As a result, the light emitting device 1A and the vehicle lamp 100A according to Embodiment 1 have various sequential light emission, segment light emission, and three light emission functions in addition to the sequential light emission, segment light emission, and three light emission functions described above. Light emitting function can be obtained. For example, if the light-emitting film 510 is formed with letters such as "STOP" or "Stop", communication light emission can be obtained in a tail lamp or a stop lamp.

The light emitting device 1A and the vehicle lamp 100A according to the first embodiment control the excitation lights L11, L12, and L13 from the excitation light sources 1L, 2L, and 3L of the three light emitting units 1U, 2U, and 3U, respectively. The excitation light L11 (L12, L13) from the excitation light source 1L (2L, 3L) of each light emitting unit 1U (2U, 3U) is transmitted as stray excitation light L31 (L32, L33) to other light emitting units 2U and 3U ( 1U and 3U, 1U and 2U) and light emitting panels 2P and 3P (1P and 3P, 1P and 2P) are provided with excitation light control members 1C, 2C, and 3C that prevent the light from entering the light emitting panels 2P and 3P (1P and 3P, 1P and 2P).

As a result, the light emitting device 1A and the vehicle lamp 100A according to the first embodiment control the stray excitation light L31 (L32, L33) of one light emitting unit 1U (2U, 3U) by the excitation light control members 1C, 2C, 3C. ) can be prevented from straying into the light emitting panels 2P and 3P (1P and 3P, 1P and 2P) of other light emitting units 2U and 3U (1U and 3U, 1U and 2U) and entering the light emitting panels 2P and 3P (1P and 3P, 1P and 2P). A plurality of controlled light emitting functions are obtained.

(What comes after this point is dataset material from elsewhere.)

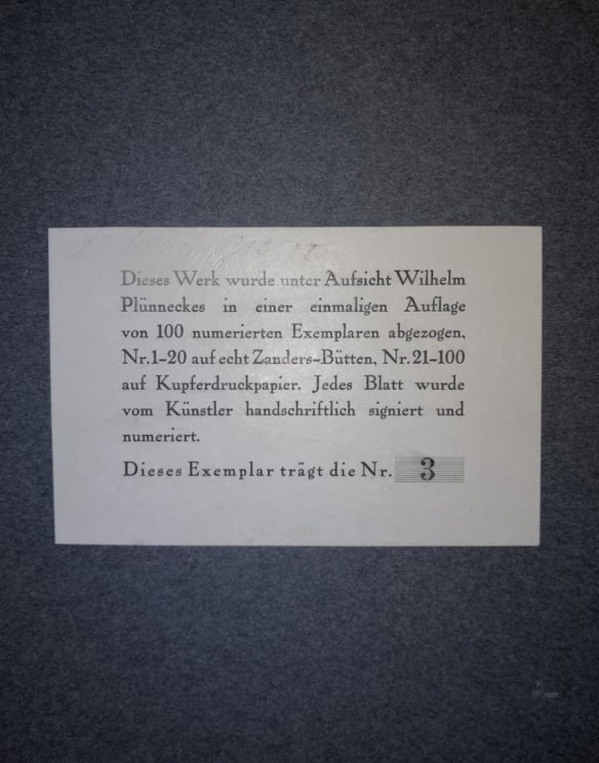 Exemplář číslo 3 z 20 výtisků na pravém Zandersu (exempl. č. 21-100 byly tištěny na mědirytinovém papíru). Každý list je autorem vpravo dole tužkou podepsán a datován, vlevo dole tužkou číslo tisku. Deset listů o celkovém rozměru papíru 62 x 51 cm. Původní kartonová vazba s plátěným hřbetem, na přední desce původní litografie. Přední deska mírně zašpiněná, spodní okraj hřbetu lehce natržený, grafické listy ve stavu velmi dobrém. Na rubu přední desky nalepen původní štítek s tiráží. Na zadní straně vazby chlopně ve kterých jsou volně vloženy grafické listy.<br>Wilhelm Plünnecke (1894 Hannover - 1954 Stuttgart), německý malíř, grafik a ilustrátor. Studoval u Emila Orlika v Berlíně a později na akademii v Lipsku. Byl členem "Hannover Sezession".

In the light emitting device 1A and vehicle lamp 100A according to the first embodiment, the excitation light control members 1C, 2C, and 3C control the excitation light L11, L12, and L13 from the excitation light sources 1L, 2L, and 3L to the light emitting units 1U and 2U. , 3U light emitting panels 1P, 2P, 3P, a reflection member 40 that irradiates with a predetermined light distribution DL, and stray excitation light L31, which is part of the excitation light L11, L12, L13 from the excitation light sources 1L, 2L, 3L, It has a shielding member 41 that shields L32 and L33.

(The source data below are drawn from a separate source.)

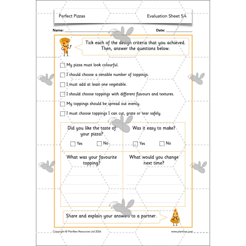 Once they have been cooked and tasted, children evaluate their pizzas against the design criteria and answer questions about what worked well and what they could improve next time.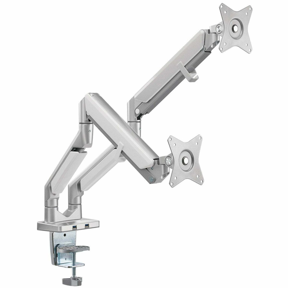 W&E GU70-series Premiums Gas Spring 17″-32″ LCD Dual Monitor Arm w/ Quick-release VESA, 90° Rotation Stop, USB3 Ports | Silver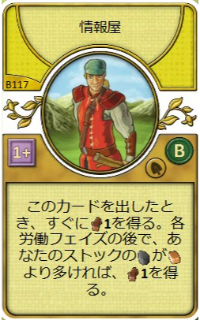 | このカードを出したとき、すぐに木材1を得る。各労働フェイズの後で、あなたのストックの石材がレンガより多ければ、木材1を得る。 | |||

As a result, the light emitting device 1A and the vehicle lamp 100A according to the first embodiment reflect the excitation lights L11, L12, and L13 from the excitation light sources 1L, 2L, and 3L to the light emitting units 1U, 2U, and 3U using the reflection member 40. The light emitting panels 1P, 2P, and 3P can be irradiated with a predetermined light distribution DL, and at the same time, the shielding member 41 prevents stray excitation of some of the excitation lights L11, L12, and L13 from the excitation light sources 1L, 2L, and 3L. It is capable of blocking the lights L31, L32, and L33.

As a result, in the light emitting device 1A and vehicle lamp 100A according to the first embodiment, stray excitation light L31 (L32, L33) of one light emitting unit 1U (2U, 3U) is transmitted to other light emitting units 2U and 3U ( It is possible to prevent the situation where the light strays into the light emitting panels 2P and 3P (1P and 3P, 1P and 2P) of the 1U and 3U, 1U and 2U), and provides highly precisely controlled multiple light emitting functions. .

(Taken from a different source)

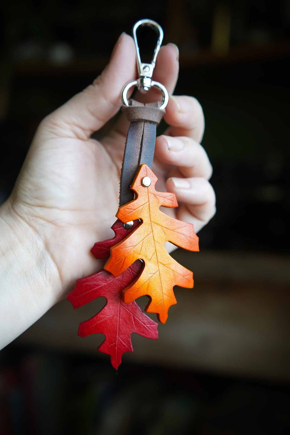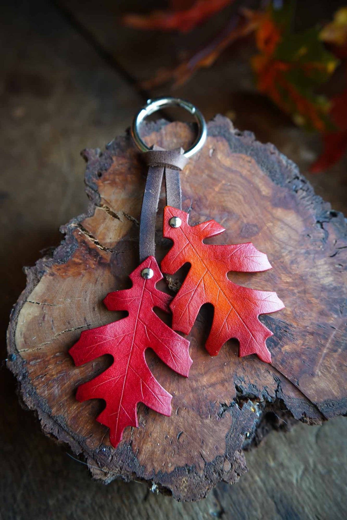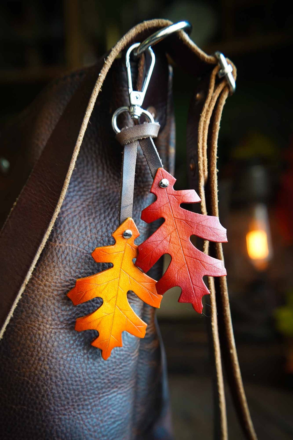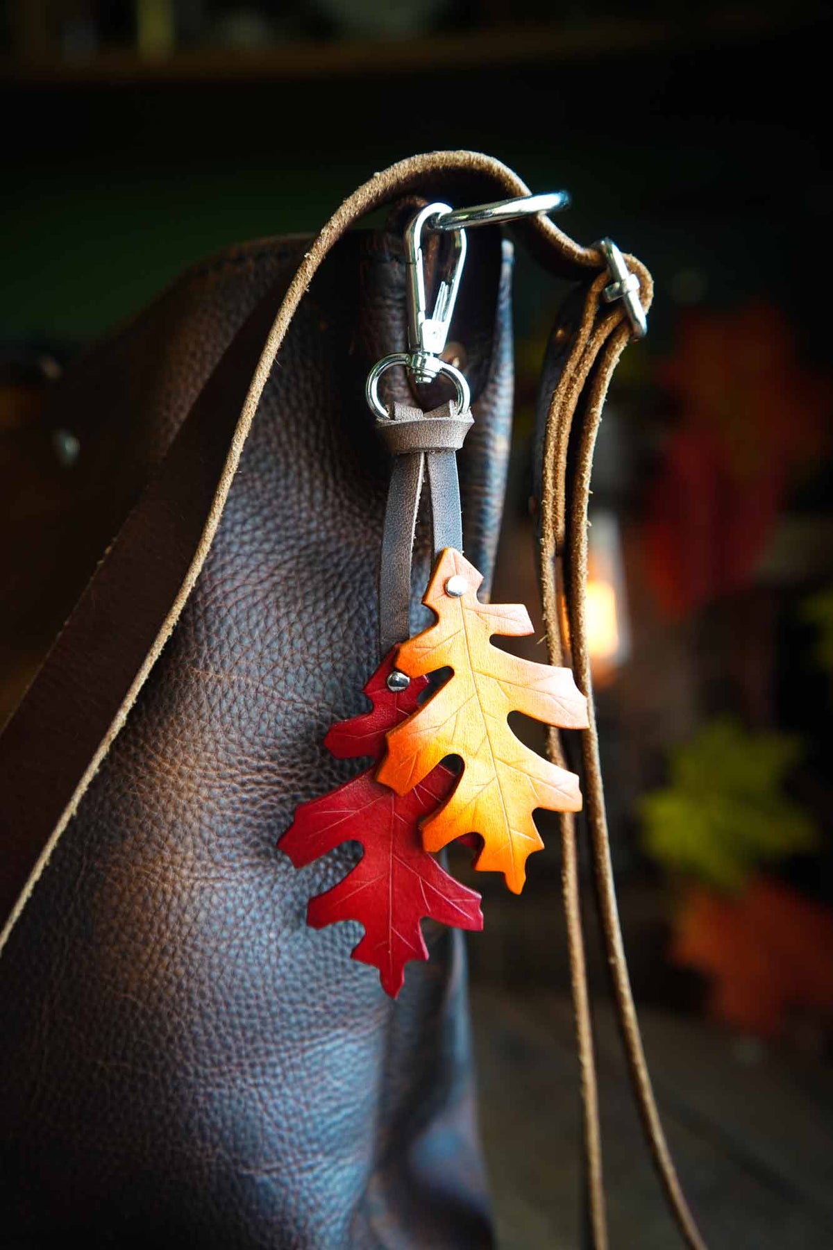 Dress up your bag with a leather red oak leaf bag charm. The perfect seasonal accessory, these uniquely handmade oak leaves will bring a touch of natural magic to your key ring or make a bold bag charm.

The excitation light filter 1F of the light emitting device 1A and the vehicle lamp 100A according to the first embodiment is configured so that, among the excitation lights L11, L12, and L13, the excitation light L11, L12, and L13 have wavelengths ranging from at least about 300 nm to about 500 nm. Of the secondary lights L21, L22, and L23 emitted by the light-emitting panels 1P, 2P, and 3P, the secondary lights L21, L22, and L23 having wavelengths in the range of at least about 500 nm to about 780 nm are transmitted at approximately 90 nm. It is a transparent plate that transmits light with a transmittance of % or more.

As a result, the light emitting device 1A and the vehicle lamp 100A according to the first embodiment can use blue light as the excitation lights L11, L12, L13 due to the excitation light filter 1F, and can also use blue light as the secondary lights L21, L22. , L23, red light or yellow-orange light is obtained. Moreover, the light emitting device 1A and the vehicle lamp 100A according to the first embodiment can minimize the loss of the secondary lights L21, L22, and L23 of red light and yellow-orange light caused by the excitation light filter 1F. , the secondary lights L21, L22, and L23 of red light and yellow-orange light can be used with high efficiency.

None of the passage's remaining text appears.